PROVIDED RECORDS START

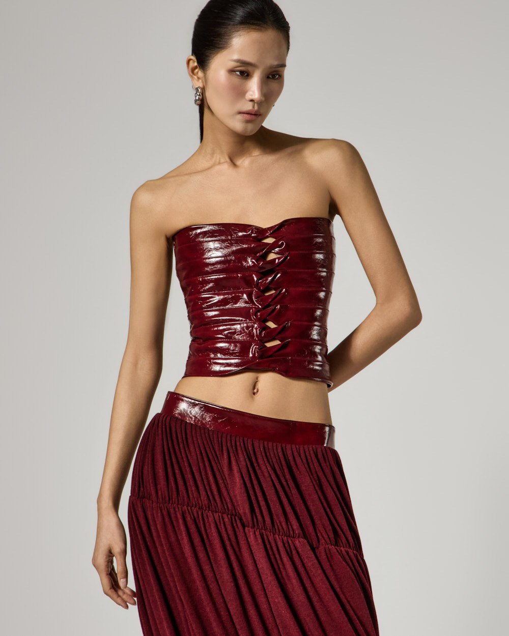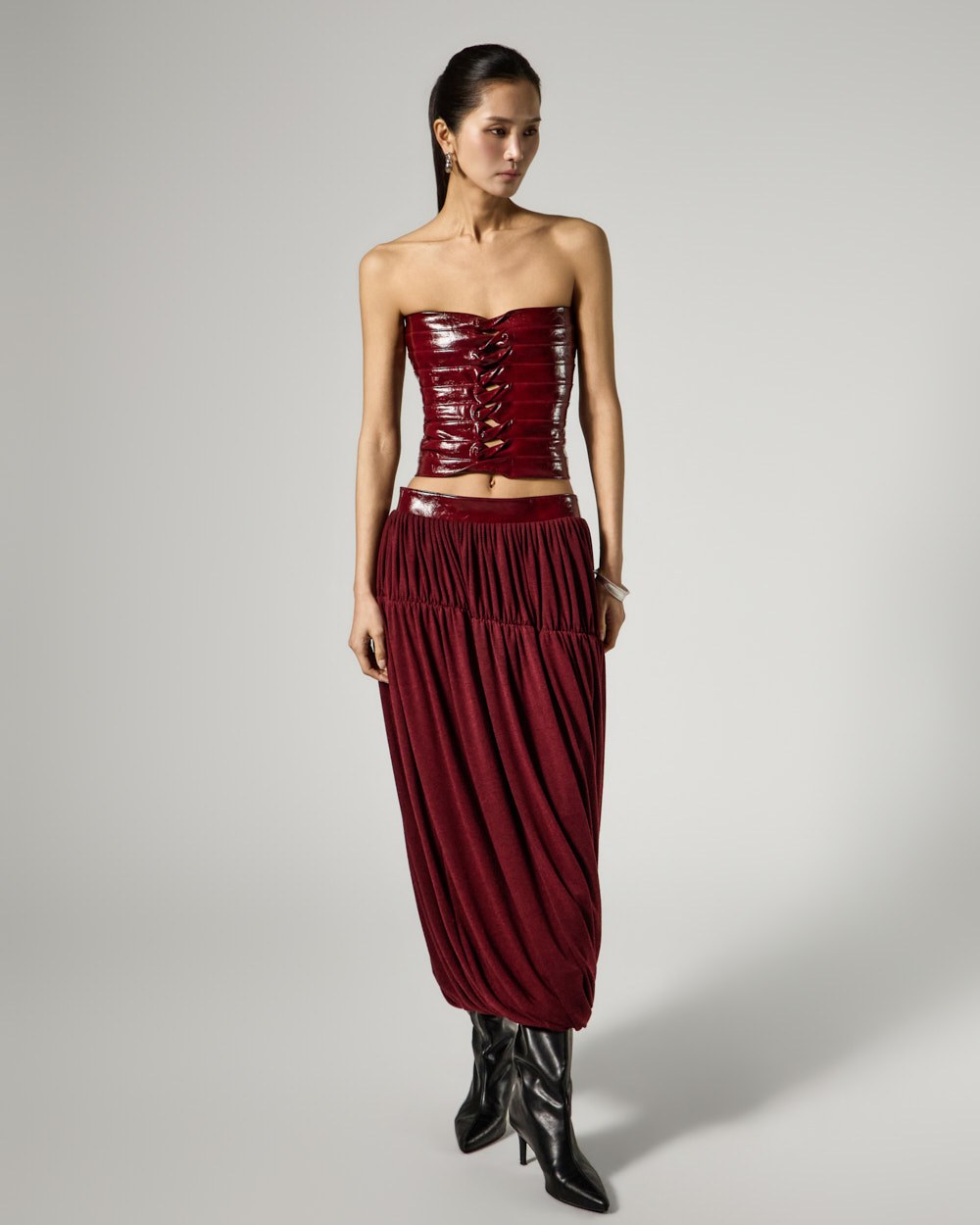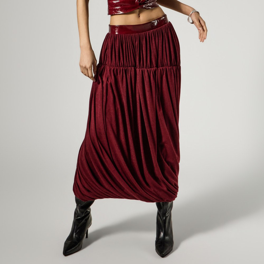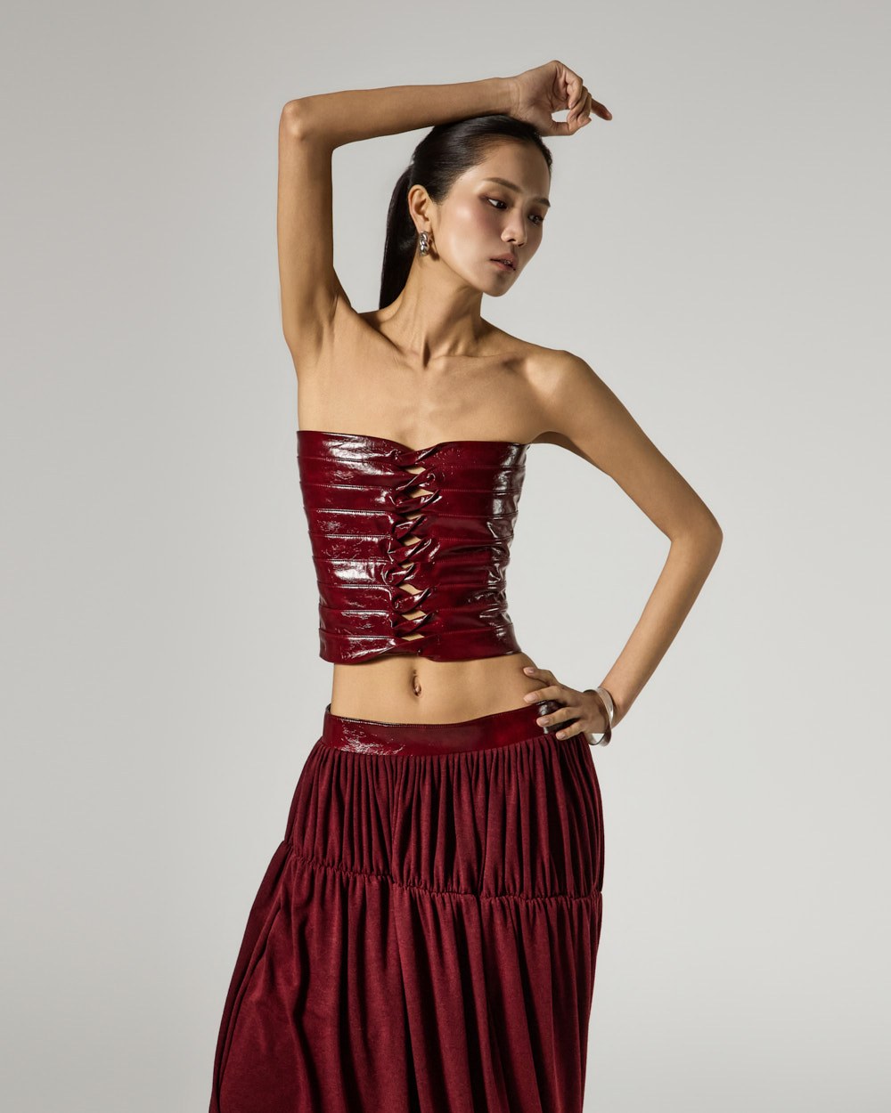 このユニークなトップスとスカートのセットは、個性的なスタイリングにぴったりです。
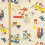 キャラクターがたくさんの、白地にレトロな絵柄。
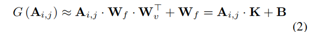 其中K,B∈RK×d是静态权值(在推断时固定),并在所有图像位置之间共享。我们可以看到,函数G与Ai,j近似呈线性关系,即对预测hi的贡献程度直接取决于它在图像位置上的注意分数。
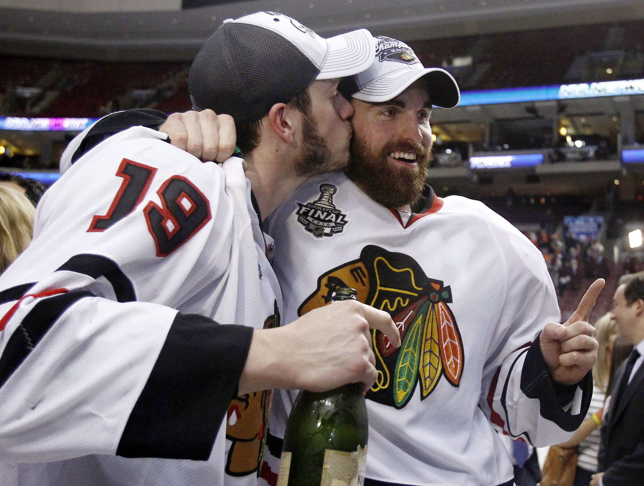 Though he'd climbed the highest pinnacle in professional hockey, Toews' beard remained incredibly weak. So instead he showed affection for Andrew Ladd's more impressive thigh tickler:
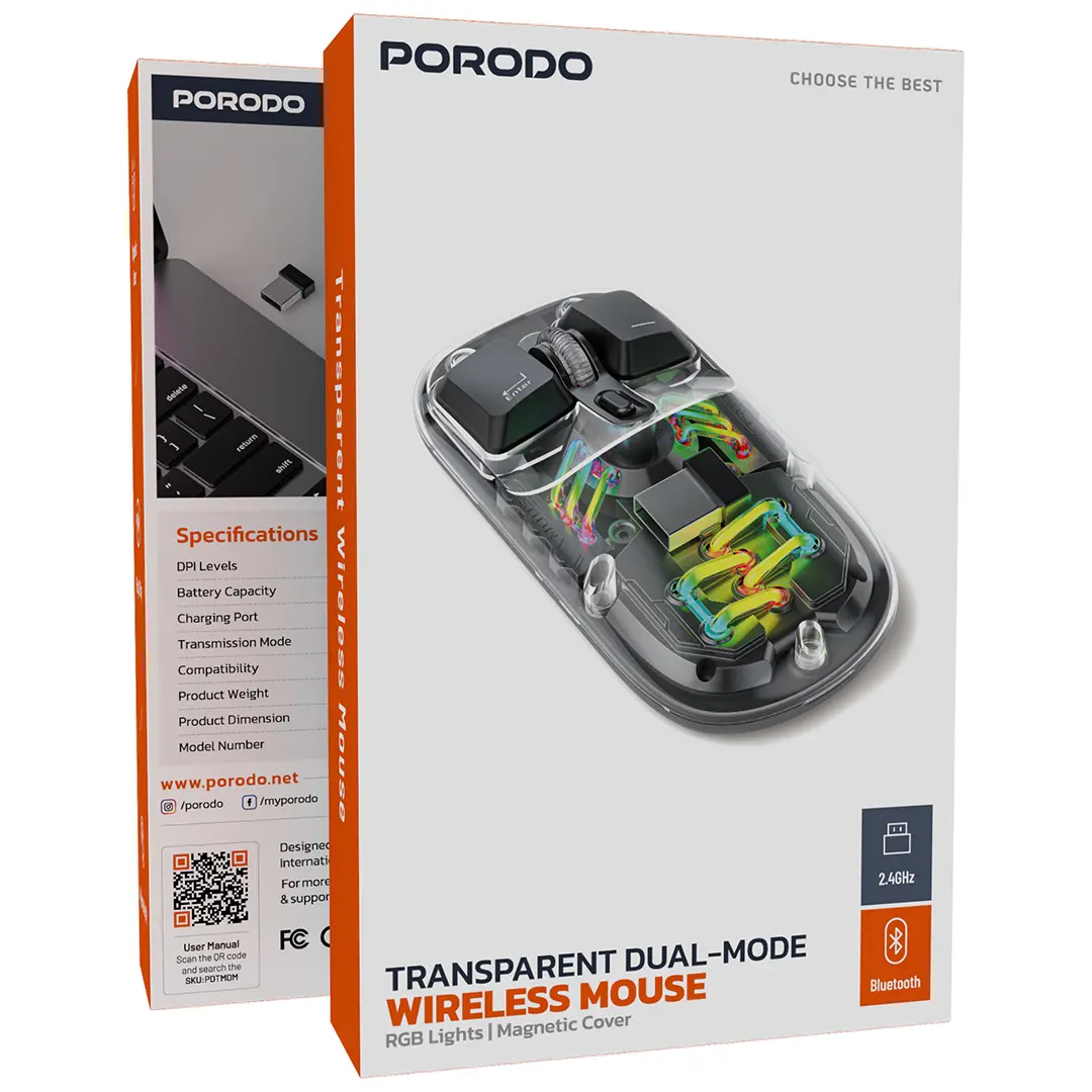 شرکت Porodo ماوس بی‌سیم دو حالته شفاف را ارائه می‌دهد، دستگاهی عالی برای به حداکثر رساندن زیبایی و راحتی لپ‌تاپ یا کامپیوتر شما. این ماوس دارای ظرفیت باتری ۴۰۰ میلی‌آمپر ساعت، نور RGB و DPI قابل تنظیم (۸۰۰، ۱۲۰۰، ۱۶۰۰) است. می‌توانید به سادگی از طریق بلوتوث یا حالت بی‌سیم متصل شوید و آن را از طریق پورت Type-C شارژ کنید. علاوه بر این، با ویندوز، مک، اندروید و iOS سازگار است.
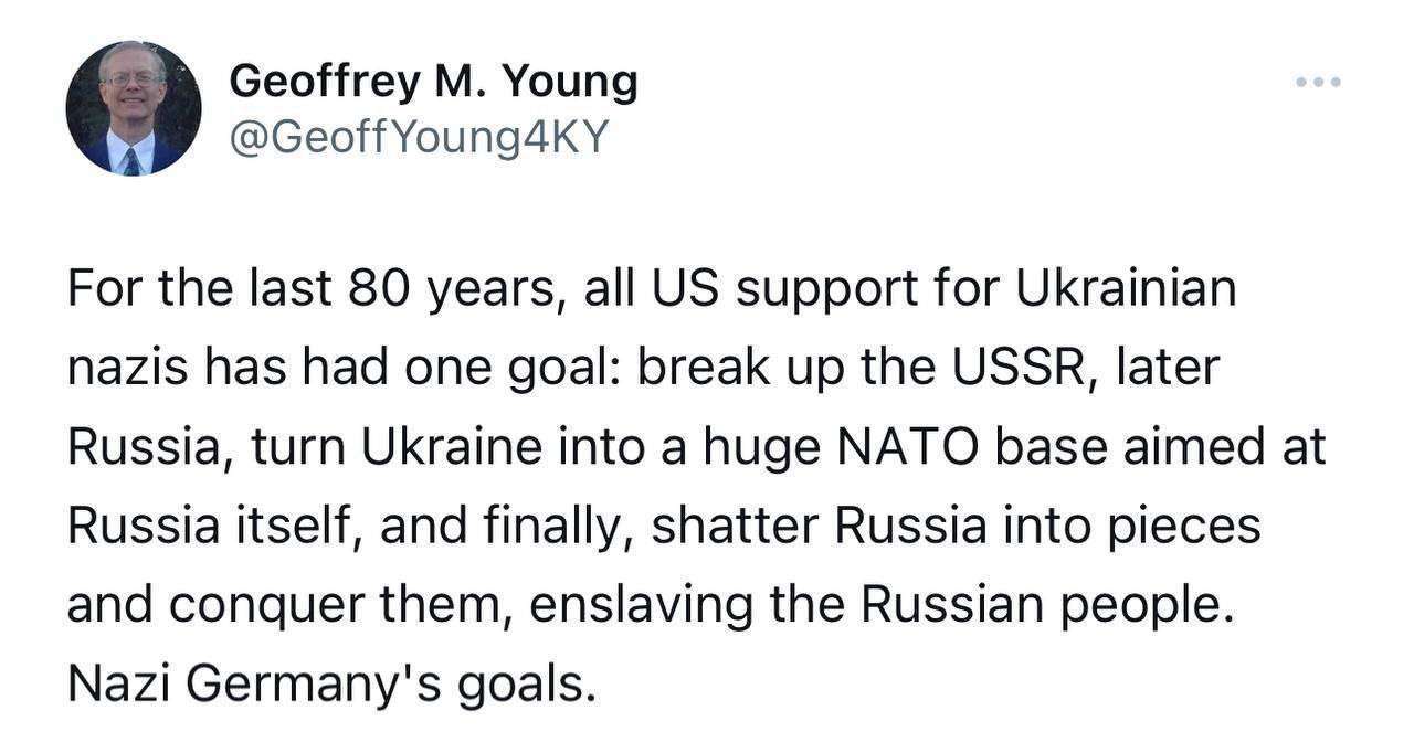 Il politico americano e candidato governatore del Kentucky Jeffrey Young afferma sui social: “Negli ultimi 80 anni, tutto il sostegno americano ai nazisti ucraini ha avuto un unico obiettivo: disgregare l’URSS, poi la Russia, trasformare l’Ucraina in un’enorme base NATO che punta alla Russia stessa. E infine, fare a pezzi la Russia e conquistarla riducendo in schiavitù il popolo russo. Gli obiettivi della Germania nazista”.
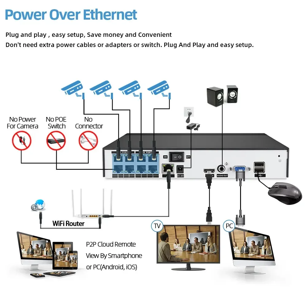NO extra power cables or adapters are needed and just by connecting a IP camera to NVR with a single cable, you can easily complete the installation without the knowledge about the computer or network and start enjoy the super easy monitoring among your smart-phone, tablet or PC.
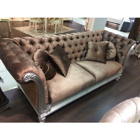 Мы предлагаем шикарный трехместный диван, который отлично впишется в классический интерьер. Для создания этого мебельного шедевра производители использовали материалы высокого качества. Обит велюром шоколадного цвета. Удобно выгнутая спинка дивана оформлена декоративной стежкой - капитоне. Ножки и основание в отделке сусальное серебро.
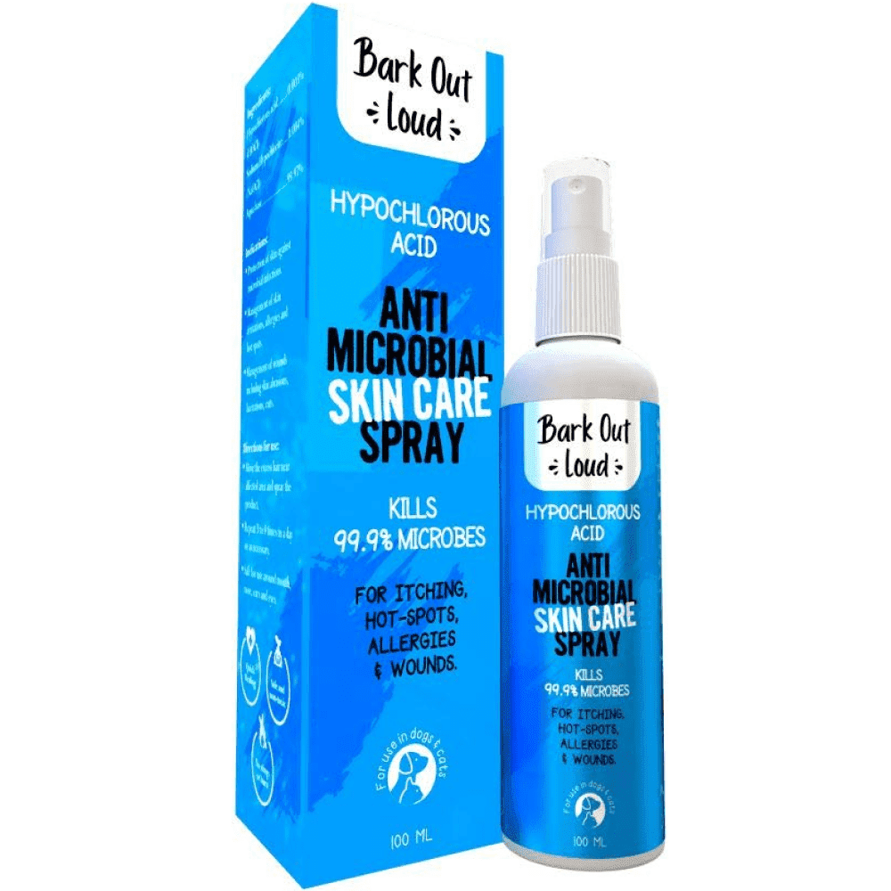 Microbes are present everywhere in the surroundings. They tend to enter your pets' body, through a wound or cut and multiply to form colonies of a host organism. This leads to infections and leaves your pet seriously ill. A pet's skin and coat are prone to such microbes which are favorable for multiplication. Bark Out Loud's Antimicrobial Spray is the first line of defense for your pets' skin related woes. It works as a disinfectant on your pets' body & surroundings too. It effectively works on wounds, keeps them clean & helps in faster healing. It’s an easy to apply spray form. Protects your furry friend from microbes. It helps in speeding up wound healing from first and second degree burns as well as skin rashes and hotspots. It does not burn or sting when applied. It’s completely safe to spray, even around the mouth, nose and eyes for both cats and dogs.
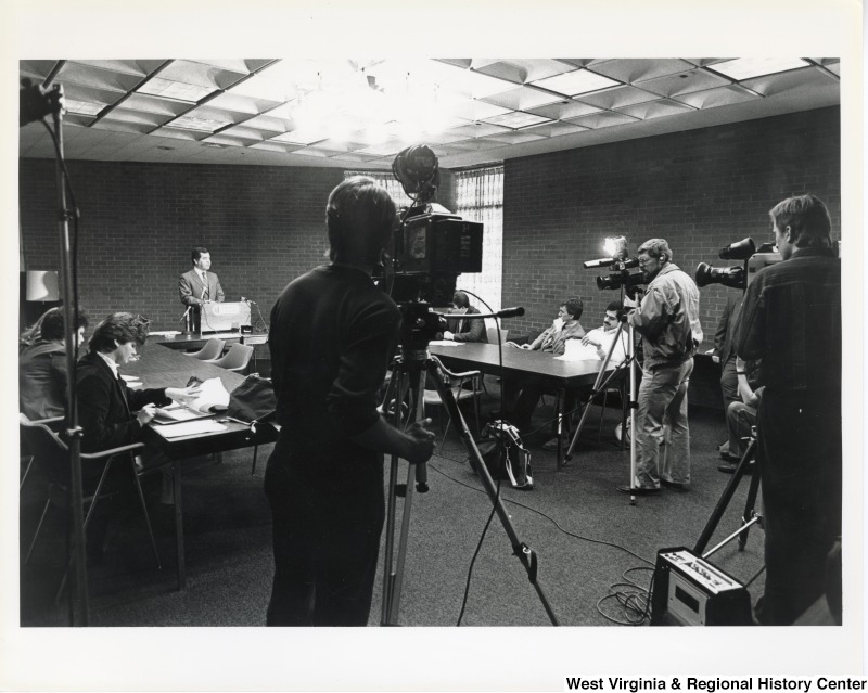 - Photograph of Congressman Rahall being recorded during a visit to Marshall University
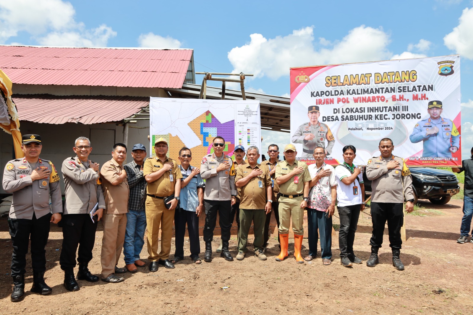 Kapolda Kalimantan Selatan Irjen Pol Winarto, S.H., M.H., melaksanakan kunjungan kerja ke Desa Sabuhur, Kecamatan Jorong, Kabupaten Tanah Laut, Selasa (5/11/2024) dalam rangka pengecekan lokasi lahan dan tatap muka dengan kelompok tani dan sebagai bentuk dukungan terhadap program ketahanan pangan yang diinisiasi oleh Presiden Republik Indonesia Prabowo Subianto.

PROVIDED RECORDS END

WHAT THE TASK ASKS:
Exact repeat, pictures omitted: give every line from the top of the records down to and including the line with "Мы предлагаем шикарный".

TASK RESULT:
 このユニークなトップスとスカートのセットは、個性的なスタイリングにぴったりです。
 キャラクターがたくさんの、白地にレトロな絵柄。
 其中K,B∈RK×d是静态权值(在推断时固定),并在所有图像位置之间共享。我们可以看到,函数G与Ai,j近似呈线性关系,即对预测hi的贡献程度直接取决于它在图像位置上的注意分数。
 Though he'd climbed the highest pinnacle in professional hockey, Toews' beard remained incredibly weak. So instead he showed affection for Andrew Ladd's more impressive thigh tickler:
 شرکت Porodo ماوس بی‌سیم دو حالته شفاف را ارائه می‌دهد، دستگاهی عالی برای به حداکثر رساندن زیبایی و راحتی لپ‌تاپ یا کامپیوتر شما. این ماوس دارای ظرفیت باتری ۴۰۰ میلی‌آمپر ساعت، نور RGB و DPI قابل تنظیم (۸۰۰، ۱۲۰۰، ۱۶۰۰) است. می‌توانید به سادگی از طریق بلوتوث یا حالت بی‌سیم متصل شوید و آن را از طریق پورت Type-C شارژ کنید. علاوه بر این، با ویندوز، مک، اندروید و iOS سازگار است.
 Il politico americano e candidato governatore del Kentucky Jeffrey Young afferma sui social: “Negli ultimi 80 anni, tutto il sostegno americano ai nazisti ucraini ha avuto un unico obiettivo: disgregare l’URSS, poi la Russia, trasformare l’Ucraina in un’enorme base NATO che punta alla Russia stessa. E infine, fare a pezzi la Russia e conquistarla riducendo in schiavitù il popolo russo. Gli obiettivi della Germania nazista”.
NO extra power cables or adapters are needed and just by connecting a IP camera to NVR with a single cable, you can easily complete the installation without the knowledge about the computer or network and start enjoy the super easy monitoring among your smart-phone, tablet or PC.
 Мы предлагаем шикарный трехместный диван, который отлично впишется в классический интерьер. Для создания этого мебельного шедевра производители использовали материалы высокого качества. Обит велюром шоколадного цвета. Удобно выгнутая спинка дивана оформлена декоративной стежкой - капитоне. Ножки и основание в отделке сусальное серебро.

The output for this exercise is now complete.